American men's clothing manufacturer

Rufskin is an American men's athletic, underwear, swimwear, sportswear and denim manufacturer headquartered in San Diego, California. Founded in 2002, the company is owned and operated by designer Hubert Pouches and president Douglas Coats.

==Company history==

Rufskin was created after Douglas Coats and Hubert Pouches relocated from France to Southern California. Originally hand-made and distributed from a residential location, the company has since expanded to several brick-and-mortar stores and maintains a heavy online presence. The company is known for its marketing towards the gay community, with provocative advertising and promotion within gay clubs and events. Pouches cites a desire to create clothing that is "sexy, futuristic, masculine and athletic". He also notes his inspiration came from working as a designer in France, also operating a modeling agency, where he met Douglas Coats. While well-received in the United States, Rufskin does especially well overseas, ultimately resulting in the opening of a European flagship store in Amsterdam for a period of time. To date, the brand is sold in various boutiques and retail stores around the world, including San Diego, Palm Springs, New York City, Miami and Amsterdam.

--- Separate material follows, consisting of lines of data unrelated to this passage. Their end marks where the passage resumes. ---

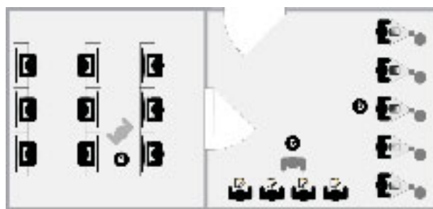
Figure 2. Test mechanics.

The first step was to explain the test to the class and if they agreed to take part of the evaluation, to give them some time to read and sign the informed consent document. In this presentation, it was stressed that the students' knowledge of chemistry was not under evaluation, that the aim was to evaluate the game and that they were free to choose not to participate. After this presentation, the teacher helped the class with an assignment that was not related to the subject of the game in one of the laboratory rooms (Fig. 2.a). Groups of five students were then invited to a neighbouring room to play the game. In this second step, each student was accompanied by a moderator, who provided the student with a cell phone (a Nokia C3, a Nokia E63 or a LG C570), as shown in Fig. 2.b. The moderator briefly reminded the students of the test mechanics, that questions about the game or about chemistry would not be answered and that the interaction would be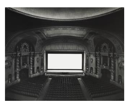
PHOTOGRAPHS May 19 – June 3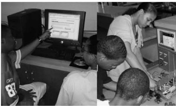
Fig. 5. Phase IVA, Programming and building Vex- robots.

to Applied Engineering and Computer Concepts , all of which supplement their robotics, Roller Coaster Design , New Lego Mindstorm NXT , Parallax Boe-Bots , and K'nex Car Design and Racing Projects (see Fig. 3).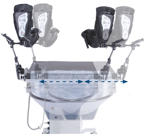
Transverse travel: ± 3.5", 7" total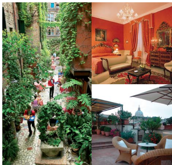
Hotel Flora; top right Helvetia and Bristol; bottom right Hotel d'Inghilterra

The company designs, manufactures and distributes exclusively from California. While Rufskin focuses mainly on marketing its ready-to-wear apparel, the brand offers specialty leather goods such as jackets and custom-fitted pants.

==Advertising and collaborations==
Since the earlier days of its inception, Rufskin has enlisted various industry photographers to create what are often provocative and risqué advertising campaigns. Photographer Rick Day has used Rufskin brand apparel and models in several projects, including digital and print media.

Rufskin has had several successful international advertising campaigns, including a 2011 Golden Iris Reader’s Choice Award for Campaign of the Year on location in Brazil. In 2012 the company worked with Rick Day on the beaches of South Africa.

In February, 2015 the company collaborated with Tom of Finland to create an exclusive 15-piece collection. The collection was sold online via their website, and at company stores. Both Hubert Pouches and Douglas Coats have been fans of Touko Laaksonen, and have cited him as a source of inspiration since before starting the company.